Data Overload: Why Marketers Need to Focus on Data Quality, Not Quantity

The unquenchable thirst for customer data is driven by a fallacy

Meet one-on-one with ADWEEK–curated partners to help identify and solve key business challenges. Apply for ADWEEK Connect, the innovative virtual networking program.

The epiphany of the 2010s technological era was that people are streams of data. Likes, dislikes, families, friends, hobbies, jobs—everything that makes up a full life is just data awaiting capture, now amenable to all kinds of sophisticated techniques to maximize the likelihood of a desired action. In 2024, it’s rare that a corporation isn’t applying significant effort to dip its spoon steadily deeper into the river of consumer data. 
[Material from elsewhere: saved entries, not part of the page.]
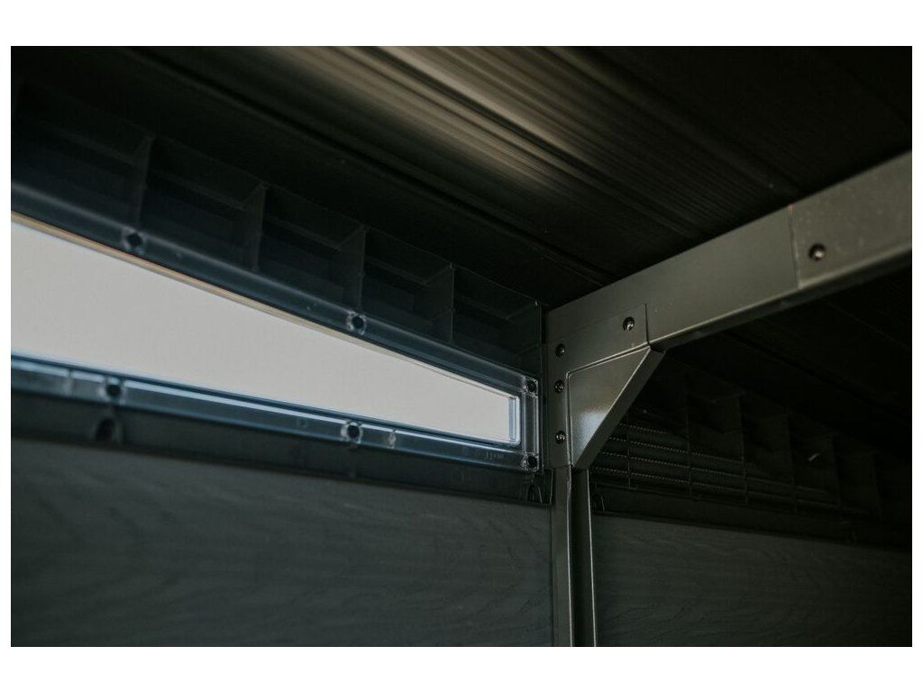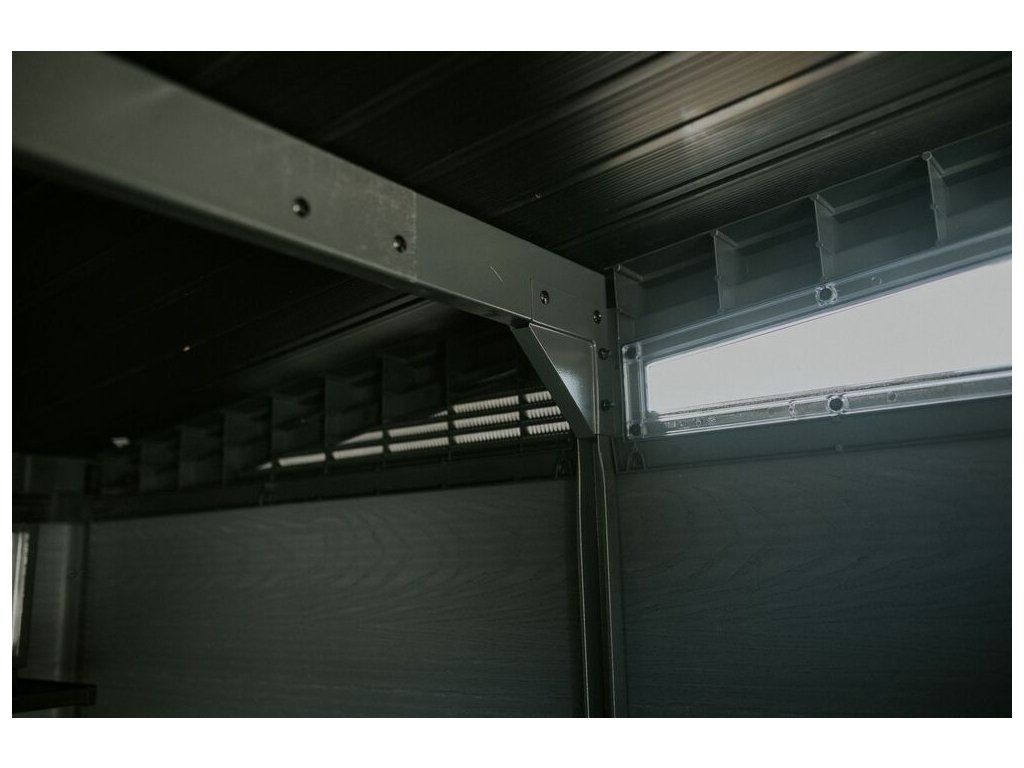 Je také vybaven pevnou designovou střechou, širokými dvojitými dveřmi a podlahou pro náročné použití s nosností 150kg na m2.
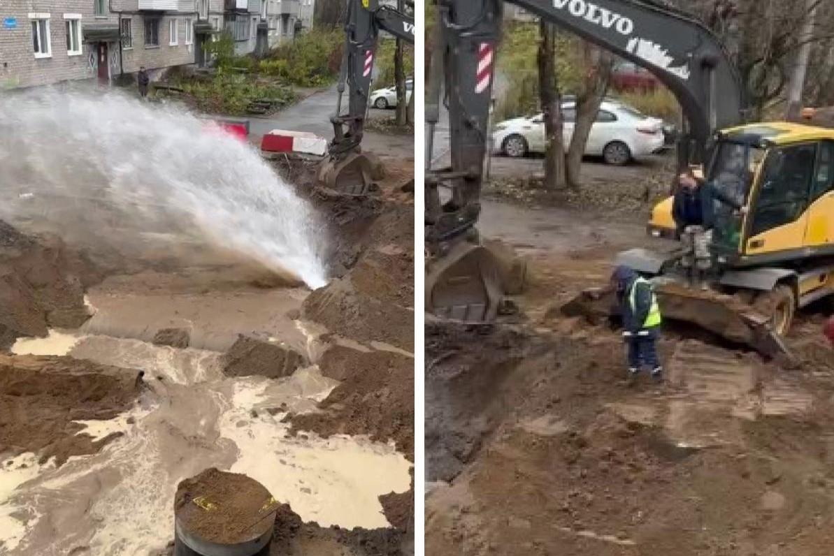 В Перми забил «гейзер» — микрорайон Светлый заливает из пробитой трубы в месте большого ремонта. ВидеоНа стройплощадке образовался водопад
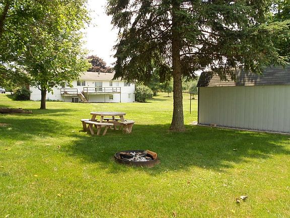 Backs to open Farmland You'll love this property w/over an acre lot, large deck, large outdoor shed, walk-out basement,oversized garage,w/ work area,wood burning fire place, bar, master bedroom w/full bath, large paved driveway, potential for 4th bedroom, replacement windows, rare find! Not many for sale like this one.
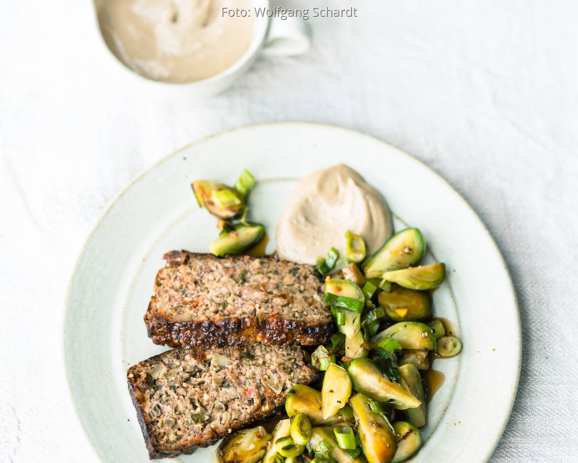 Den Nussbraten aus dem Ofen nehmen, 5 Min. ruhen lassen, dann auf ein Brett stürzen. Mit einem scharfen Messer in Scheiben schneiden. Mit dem Rosenkohl und dem Dip auf Tellern anrichten.
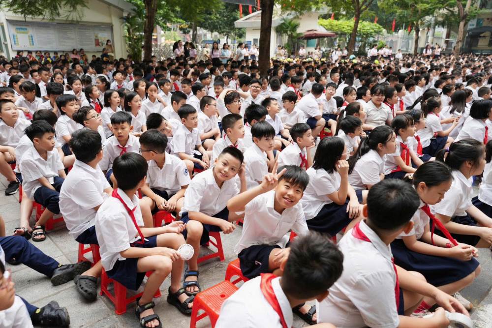 Ngay sau đó, toàn trường bước vào nghi thức chào cờ đầu tuần trong không khí trang nghiêm, thể hiện tinh thần kỉ luật và lòng tự hào dân tộc của thầy và trò nhà trường.
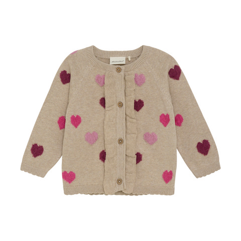Strikket cardigan fra Minymo med fine hjerter og dekorative flæser langs knaplukningen foran. Cardiganen er lavet i en blød og behagelig kvalitet, der giver komfort hele dagen. Den har en klassisk rund hals og ribkanter ved ærmer og nederste kant, som sikrer en god og fleksibel pasform. Et ideelt valg som ekstra lag på kølige dage - eller som et sødt og stilfuldt element til særlige lejligheder.
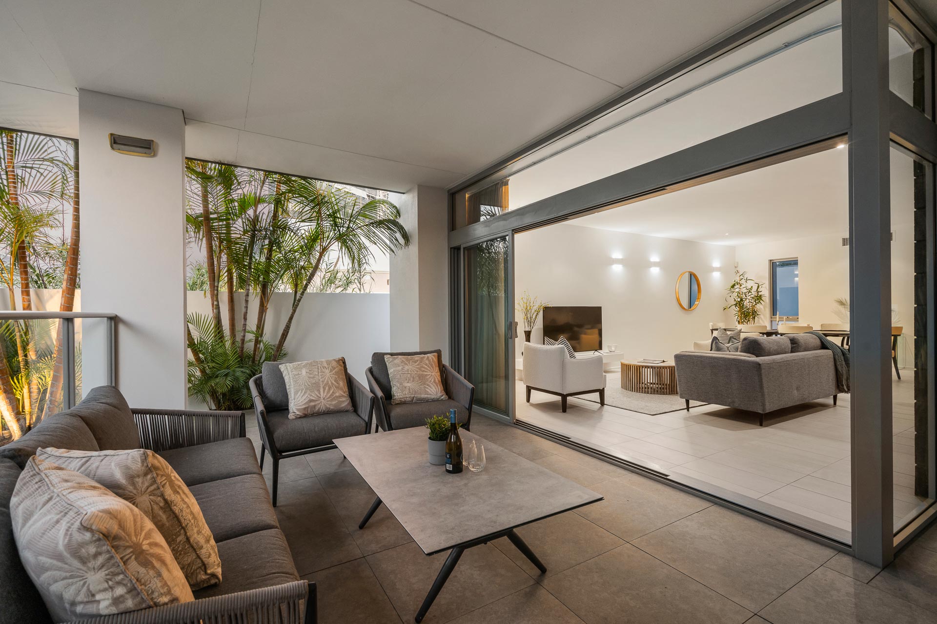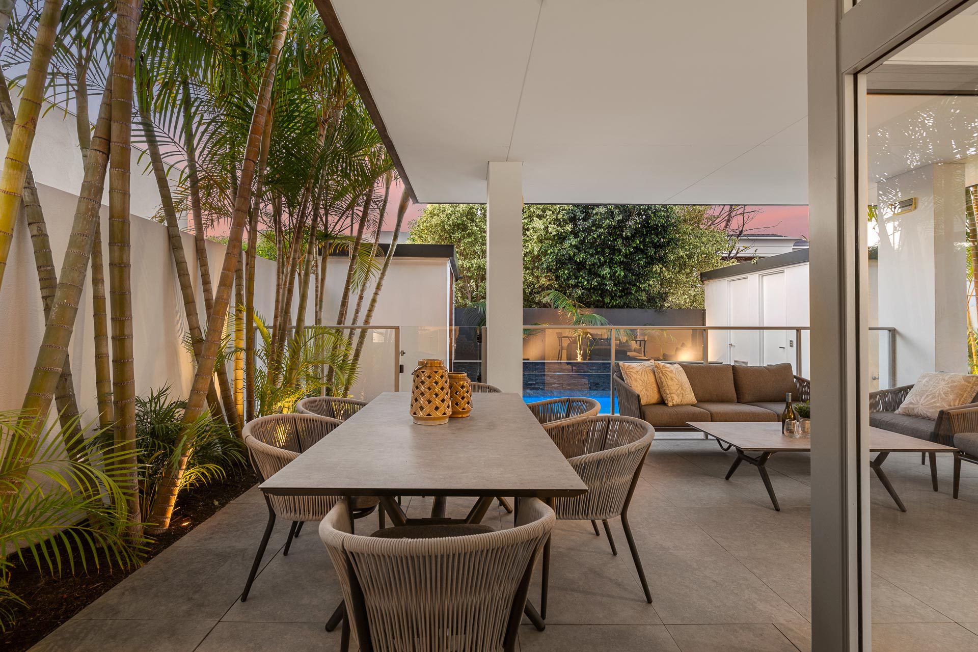 A stunning upper-level outdoor terrace with built-in kitchen with remote-control sun awning offers an alternate private, year-round outdoor space to relax and unwind amidst the neighbouring palms with distant views over the rooftops and trademark Applecross treescape beyond.
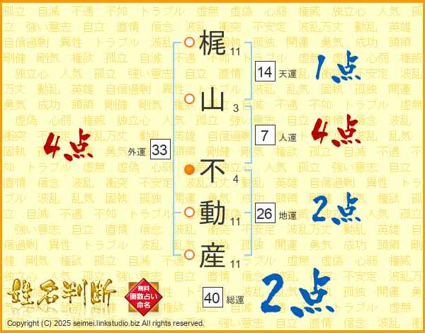 梶(11画)山(3画) 不(4画)動(11画)産(11画)
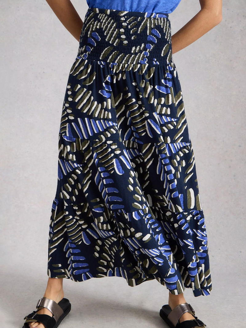 Marissa Leaves Maxi Skirt, Navy/Multi
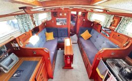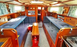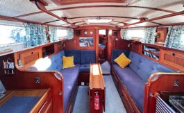 Saloon: Port & starboard settees, drop-leaf table, occasional berths, built-in freezer and wine locker, extensive storage
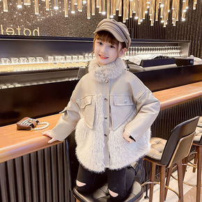 女童皮衣外套加绒加厚秋冬装中大童2021新款洋气女...
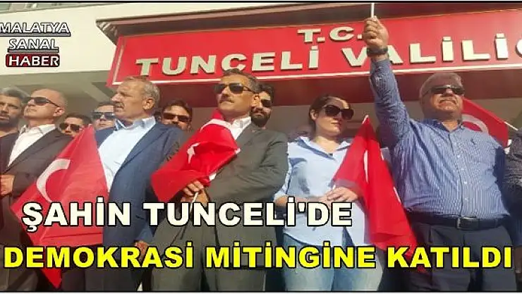 AK Parti’nin Tunceli Koordinatör Milletvekili olan Mustafa Şahin, ildeki Demokrasi ve Şehitler Mitingi'ne katıldı. Tunceli'de Atatürk Mahallesi'nde bulunan Hükümet Konağı önünde düzenlenen demokrasi mitingine devlet yetkililerinin yanı sıra binlerce vatandaş katıldı. 15 Temmuz darbe girişimi sırasında şehit olanlar için saygı duruşunda bulunulması ve İstiklal Marşı okunmasıyla başlayan mitinge Tunceli Valisi Osman Kaymak, AK Parti Malatya Milletvekili Mustafa Şahin, Cumhuriyet Başsavcısı Başak Şaktanlı Eryılmaz, Emniyet Müdürü Fahrettin Şen, Rektör Prof. Dr. Ubeyde İpek, AK Parti ve CHP İl Başkanları ile kurum amirleri de katıldı.

This unquenchable thirst for customer data is driven by the fundamental belief that more data leads to better data models, which can drive efficiency and more revenue. This, however, is false. Not only does more data not always lead to better models, but it can actually degrade the model’s power and explainability. The advertising industry is suffering from data overload—making us less effective and causing us to lose the trust of the customers we market to. 

The data snapshot 

Even if all external restrictions were lifted and we could gather from all the data sources we wanted, a smart marketer recognizes that we should restrain ourselves for a more fundamental reason: Much of our data is highly correlated, making it nearly useless. 

To understand this, imagine you are a photographer standing an arm’s length from a skyscraper. You can’t step back to get the whole building in one picture; instead, you take many pictures from different positions and angles around the building to stitch them together and make a composite photograph of the whole building.

In this example, each picture is a new source of data we’re adding to our model, the reconstruction of the full building. As long as each individual snapshot is of a different part of the building, it’s easy to fit them together to get a full view. However, with highly correlated data, our pictures overlap, depicting the same part of the building multiple times. It’s much, much harder to be accurate in this case. 

No matter how many pictures you take, if the information content of each new one is low, your model cannot improve.

Think smaller, build smarter 

So, if we cannot wait to deepen our dataset, and if gathering all available data can weaken our results, how then do we build accurate, explainable, and ethical models to advertise to our customers better? 

The answer is to think smaller. Avoid the temptation to build “One Big Model” and instead build several smaller purpose-built ones that work together. 

As AI becomes a larger part of the marketing tech stack, and terms like “training data” and “fine-tuning” become part of the lingua franca, one that should become similarly familiar is “feature selection.” Feature selection lives in that all-important but often overlooked space between gathering all the data and starting to train a model with it. It is the name for a collection of tools, techniques, and heuristic principles that are used to better understand the data and its value to the model before training even begins. 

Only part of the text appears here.